**Work item**
What's needed is the listing below, repeated word for word with no pictures.

**Dataset content**

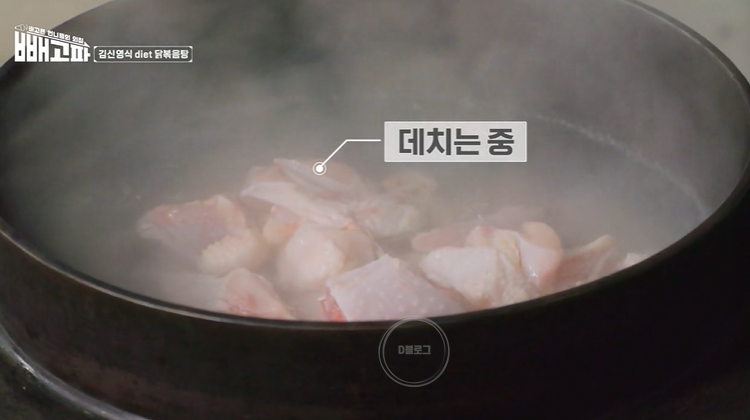 1. 닭고기 끓는 물에 데치기 (기름과 불순물 제거 시 칼로리 다운됨)
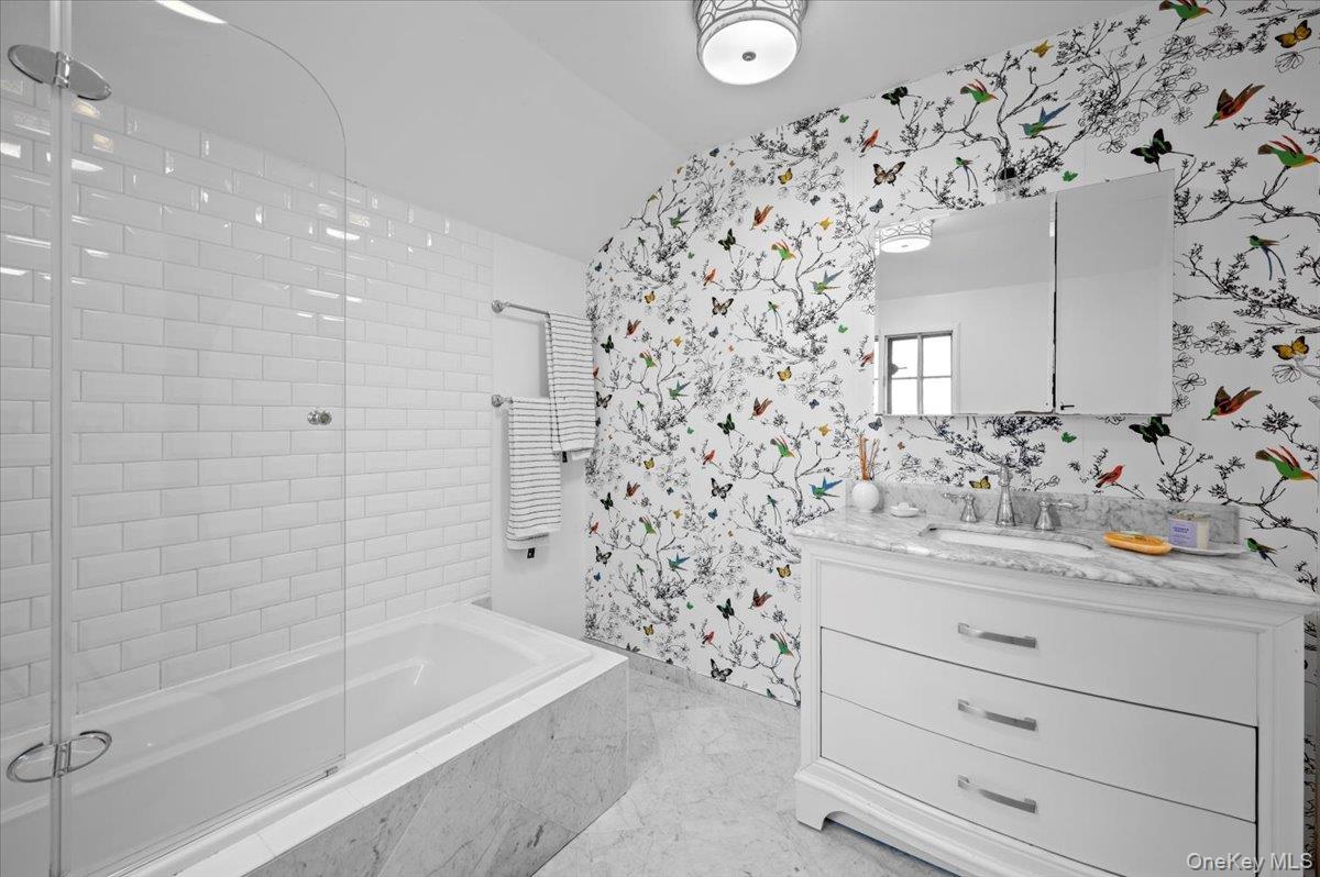 Refined Tudor elegance meets thoughtful modern updates in this exceptional residence showcasing rich hardwood oak floors throughout. The living room is distinguished by a beamed ceiling, timeless architectural details, and a dramatic wood burning stone fireplace with custom mantle, creating a warm yet sophisticated ambiance. French doors enhance the home’s classic character. The newly designed kitchen features quartz countertops, stainless steel appliances and a peninsula, seamlessly connecting to the dining room with sliding doors to the deck and yard—ideal for effortless entertaining. The first floor also incudes a well-appointed den or office with a bath nearby, offering flexible accommodations for guest or work from home living, The lower level provides additional space including a laundry area, utilities, and direct access to a tandem two-car garage. Two generously sized bedrooms plus a third bedroom on second floor are complemented by a spacious renovated hall bath. Outdoor living is enhanced by a private yard and a custom outdoor brick oven-perfect for entertaining and al fresco dining. Ideally located for today’s lifestyle with convenient access to Fleetwood or Bronxville railroad stations, transportation and major highways
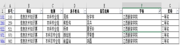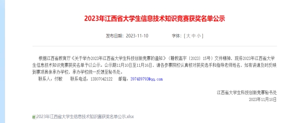 近日,2023年江西省大学生信息技术知识大赛成绩在江西省教育厅官网公示,我校学子荣获江西省本科专业组一等奖1项、二等奖1项、三等奖1项,本科非专业组三等奖2项,共计5个奖项。
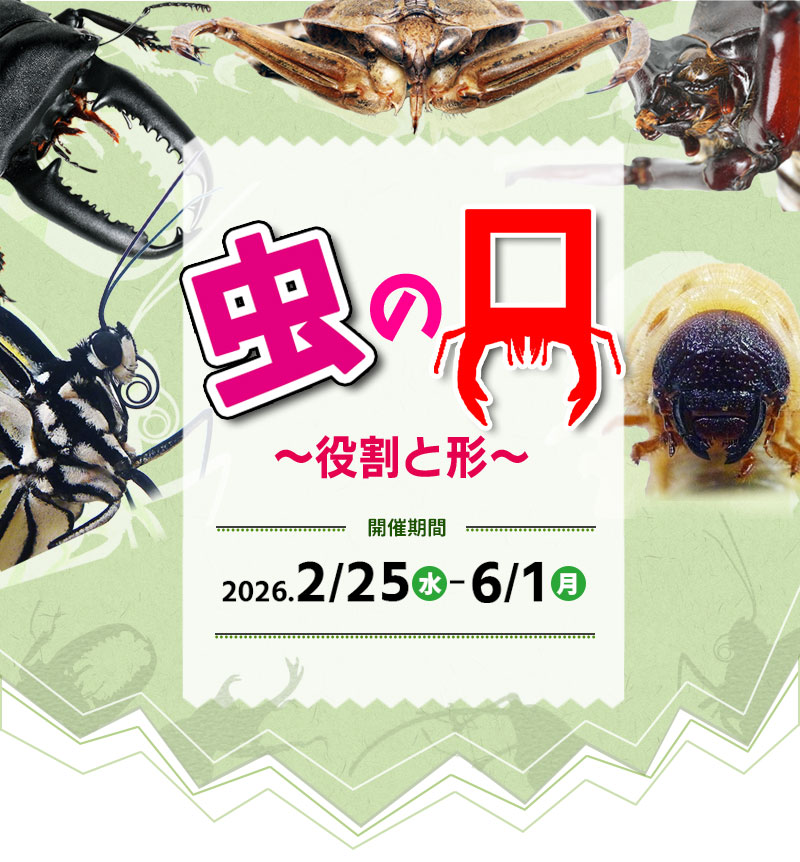 かむ口、すう口、なめる口など昆虫たちの「口」にスポットを当てた企画展示を開催します。昆虫の口がどんな形をし、どんな役割を持っているのかを楽しく解説します。

**Output below**
 1. 닭고기 끓는 물에 데치기 (기름과 불순물 제거 시 칼로리 다운됨)
 Refined Tudor elegance meets thoughtful modern updates in this exceptional residence showcasing rich hardwood oak floors throughout. The living room is distinguished by a beamed ceiling, timeless architectural details, and a dramatic wood burning stone fireplace with custom mantle, creating a warm yet sophisticated ambiance. French doors enhance the home’s classic character. The newly designed kitchen features quartz countertops, stainless steel appliances and a peninsula, seamlessly connecting to the dining room with sliding doors to the deck and yard—ideal for effortless entertaining. The first floor also incudes a well-appointed den or office with a bath nearby, offering flexible accommodations for guest or work from home living, The lower level provides additional space including a laundry area, utilities, and direct access to a tandem two-car garage. Two generously sized bedrooms plus a third bedroom on second floor are complemented by a spacious renovated hall bath. Outdoor living is enhanced by a private yard and a custom outdoor brick oven-perfect for entertaining and al fresco dining. Ideally located for today’s lifestyle with convenient access to Fleetwood or Bronxville railroad stations, transportation and major highways
 近日,2023年江西省大学生信息技术知识大赛成绩在江西省教育厅官网公示,我校学子荣获江西省本科专业组一等奖1项、二等奖1项、三等奖1项,本科非专业组三等奖2项,共计5个奖项。
 かむ口、すう口、なめる口など昆虫たちの「口」にスポットを当てた企画展示を開催します。昆虫の口がどんな形をし、どんな役割を持っているのかを楽しく解説します。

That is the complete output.